Data shown:

====================

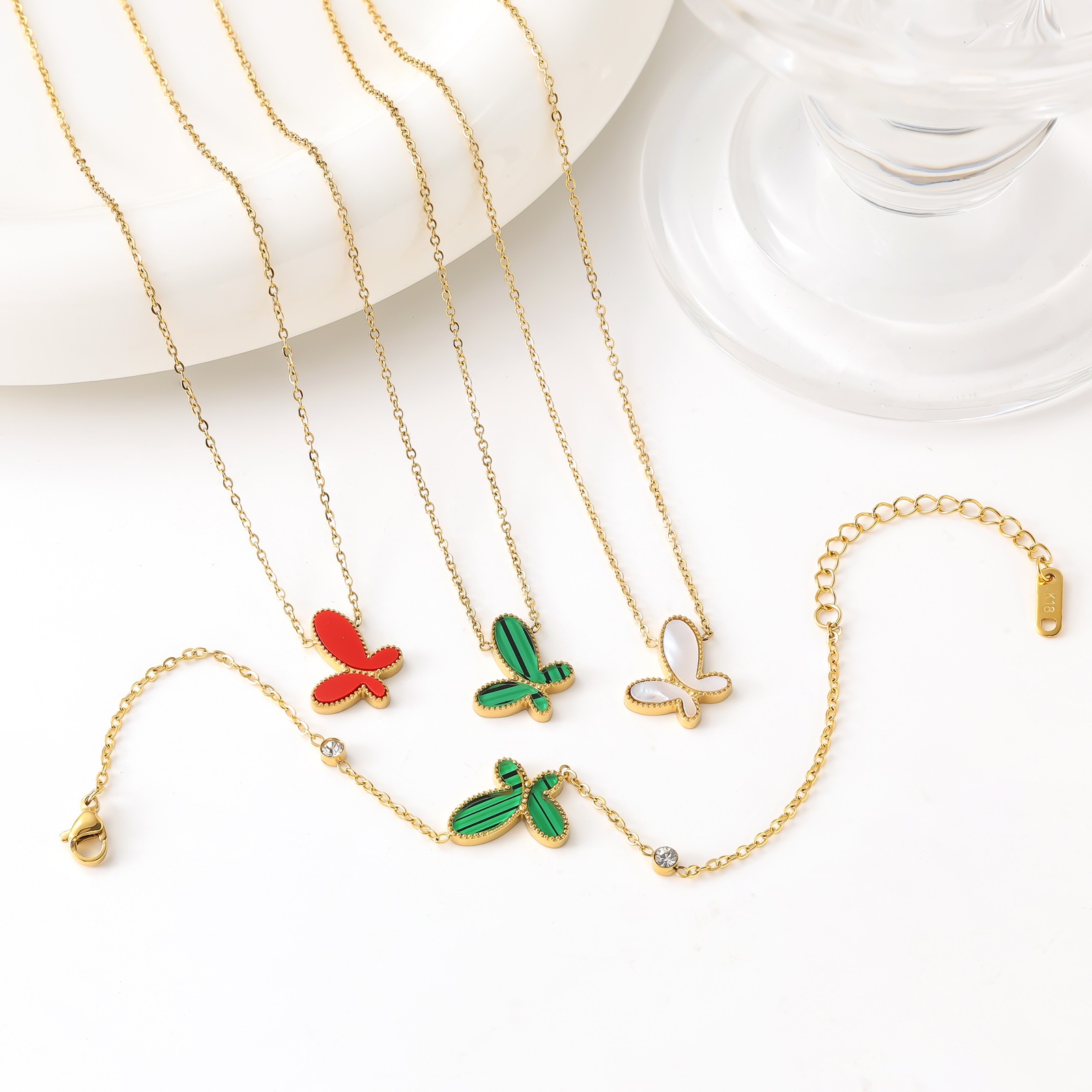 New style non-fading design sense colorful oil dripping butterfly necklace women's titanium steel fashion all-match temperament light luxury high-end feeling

====================

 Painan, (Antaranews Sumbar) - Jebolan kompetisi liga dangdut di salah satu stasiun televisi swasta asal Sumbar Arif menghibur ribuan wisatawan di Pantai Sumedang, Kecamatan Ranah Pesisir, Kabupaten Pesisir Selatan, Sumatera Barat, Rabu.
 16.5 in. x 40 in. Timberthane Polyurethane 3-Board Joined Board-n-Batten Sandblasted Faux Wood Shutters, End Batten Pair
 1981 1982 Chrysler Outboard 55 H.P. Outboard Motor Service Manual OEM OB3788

====================

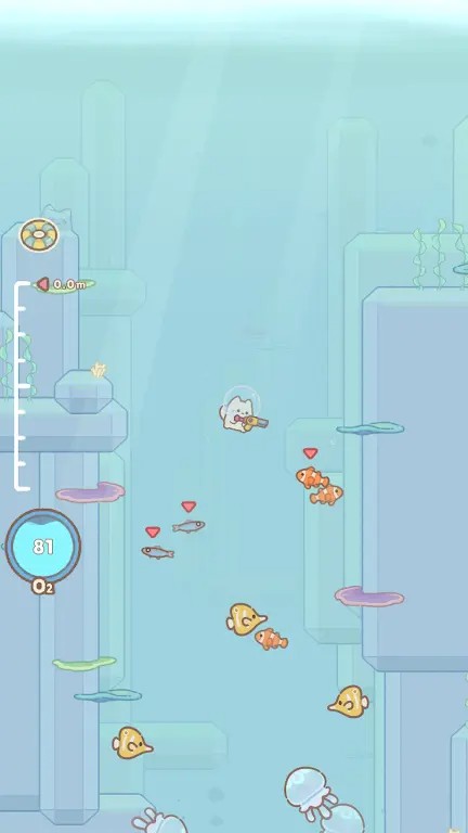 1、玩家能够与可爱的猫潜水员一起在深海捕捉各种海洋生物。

====================

Above this instruction are the records; retype exactly the lines from the one containing "Painan, (Antaranews Sumbar)" up to and including the one containing "1981 1982 Chrysler".

Final answer:
 Painan, (Antaranews Sumbar) - Jebolan kompetisi liga dangdut di salah satu stasiun televisi swasta asal Sumbar Arif menghibur ribuan wisatawan di Pantai Sumedang, Kecamatan Ranah Pesisir, Kabupaten Pesisir Selatan, Sumatera Barat, Rabu.
 16.5 in. x 40 in. Timberthane Polyurethane 3-Board Joined Board-n-Batten Sandblasted Faux Wood Shutters, End Batten Pair
 1981 1982 Chrysler Outboard 55 H.P. Outboard Motor Service Manual OEM OB3788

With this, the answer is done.